Daytime napping is commonly encouraged as a strategy to extend sleep. The survey responses revealed that 95% (N = 19) of players took a nap before night matches, with an intermediate (30–60 minutes) or long duration (≈90 minutes), which may be associated with deleterious side effects (15). However, future longitudinal studies are required to ascertain the potential benefits of long naps for elite soccer players experiencing regular sleep curtailment because of night matches.

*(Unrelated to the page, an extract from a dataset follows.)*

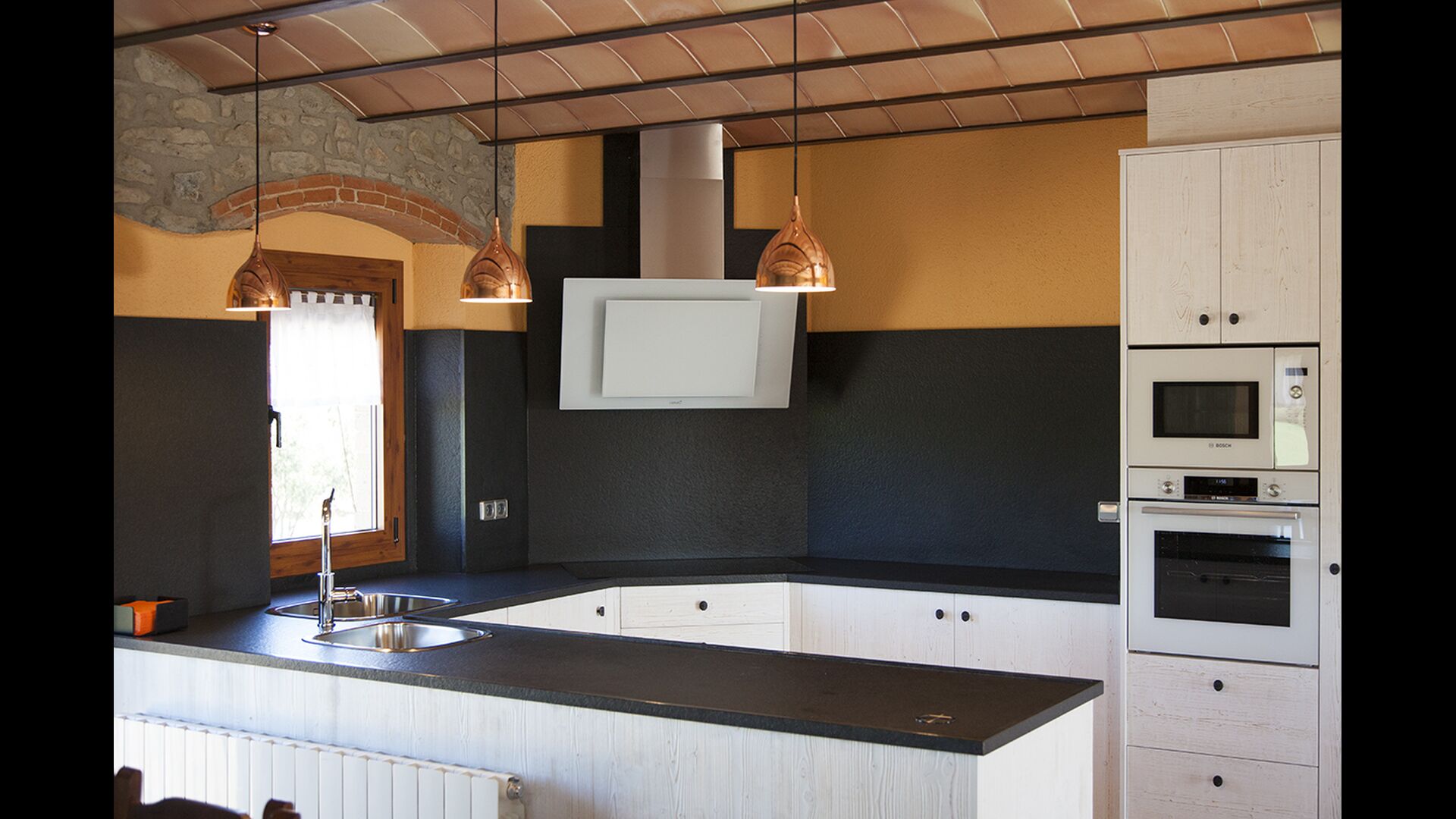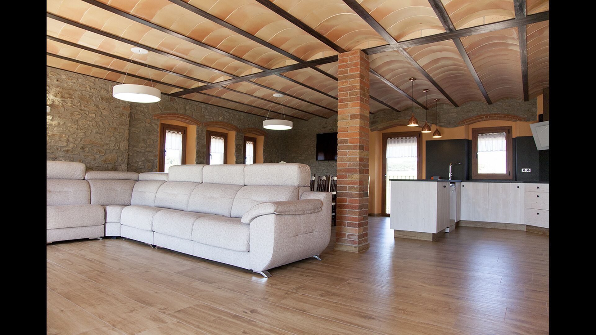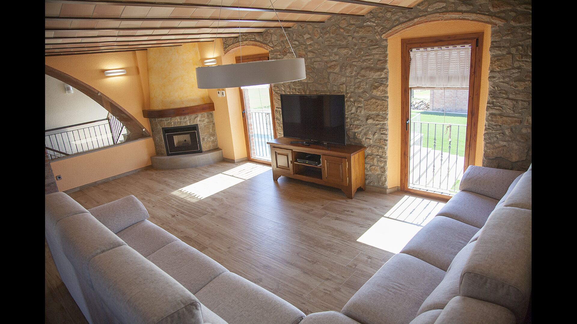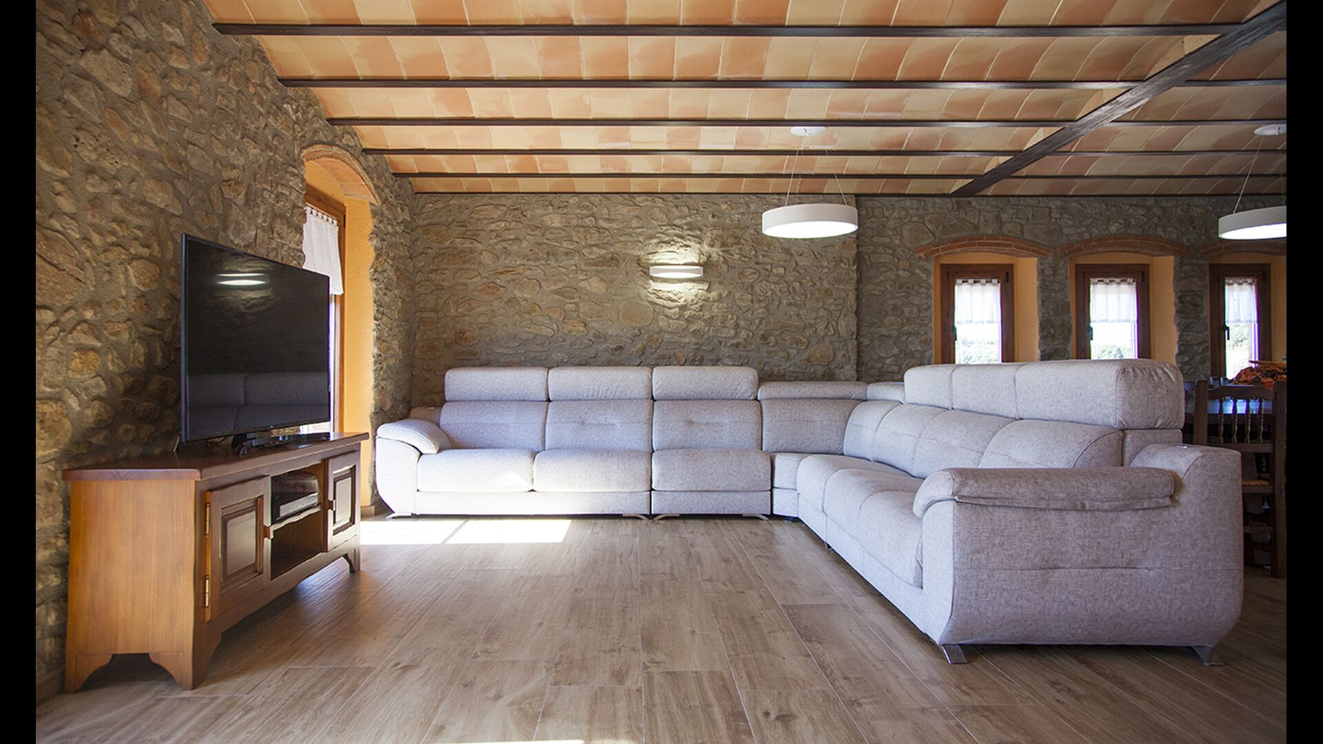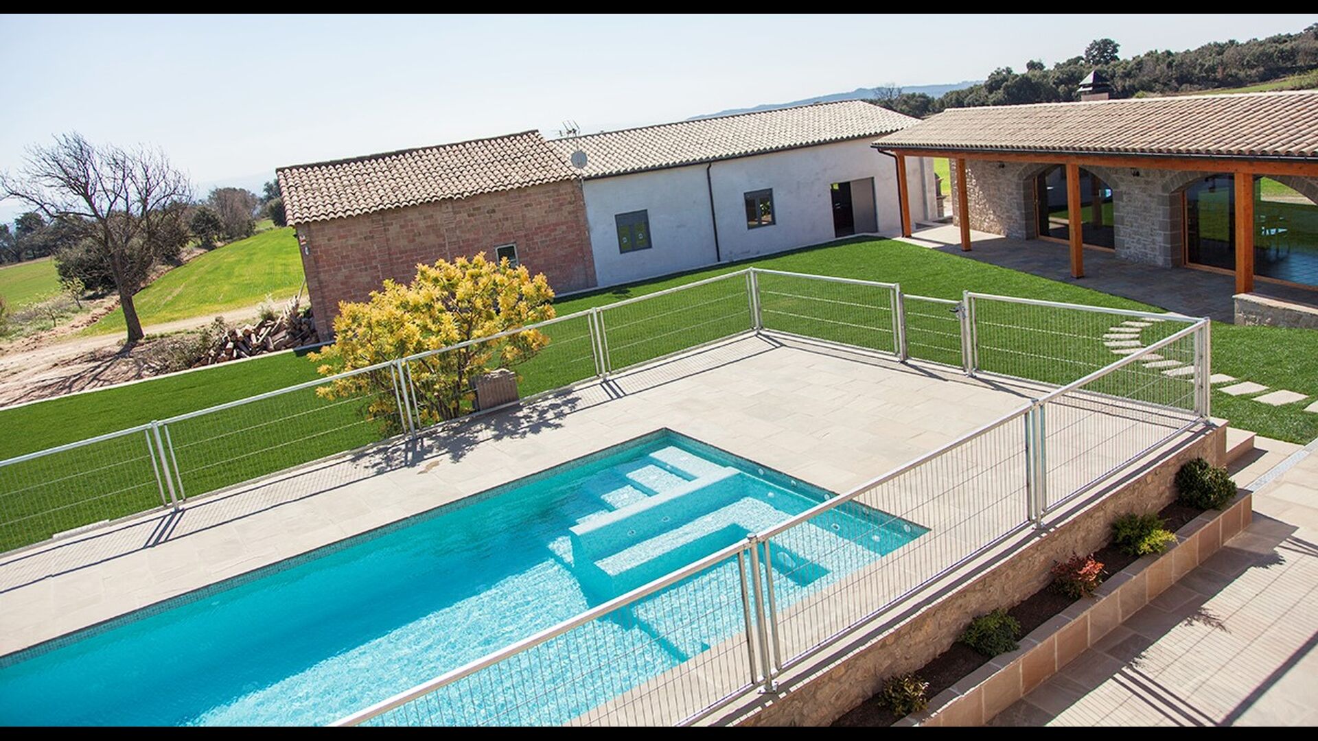 Masia la Forqua is a brilliant holiday home situated in beautiful, tranquil landscape centrally in Catalonia. Perfectly arranged, you will have your own little holiday paradise with the 3 buildings surrounding the terrace and the huge pool area (with Jacuzzi function) in the middle. This creates a fantastic holiday atmosphere, with the outdoor area working very well as a gathering place for the full group.

In this study, only 7 players (of 12) were followed after night matches and training days throughout the study period because of tactical reasons. In addition, the number of night(s) monitored after night matches was not consistent across players. As a result, some players contributed more nights to the analyses than others, which is a limitation of this study, especially given the high interindividual variability in sleep measures. This limitation is tempered by the use of elite soccer players in ecologically valid conditions. In addition, the naps taken during the afternoon before night matches and during the day after night matches were not recorded using actigraphy.
Collectively, these data suggest that usual player sleep patterns during training days are disturbed by the specific circumstances of night matches. Sleep curtailment encountered by players after night matches may lead to a cycle of poor sleep, resulting in extended sleep periods (i.e., sleeping late in the morning and long nap) on off days (4) in an attempt to “catch up,” which may then promote more nonrestorative sleep occurring in subsequent nights.
Time in bed and TST are lower after night matches (kick off after 18:00 hours) than after training days among elite soccer players. Consequently, during heavy schedules, a very late bedtime and early wake-up time can lead to repetitive sleep curtailment, which may finally lead to chronic sleep debt. These considerations should be factored into training schedules. Furthermore, elite soccer players may not necessarily have or use appropriate methods for better managing their sleep after night matches. Education on recommended sleep hygiene practices should be offered.
The authors have no conflicts of interest that are directly relevant to the content of this article. No financial support was provided for this study. Results of this study do not constitute endorsement of the product by the authors or the National Strength and Conditioning Association.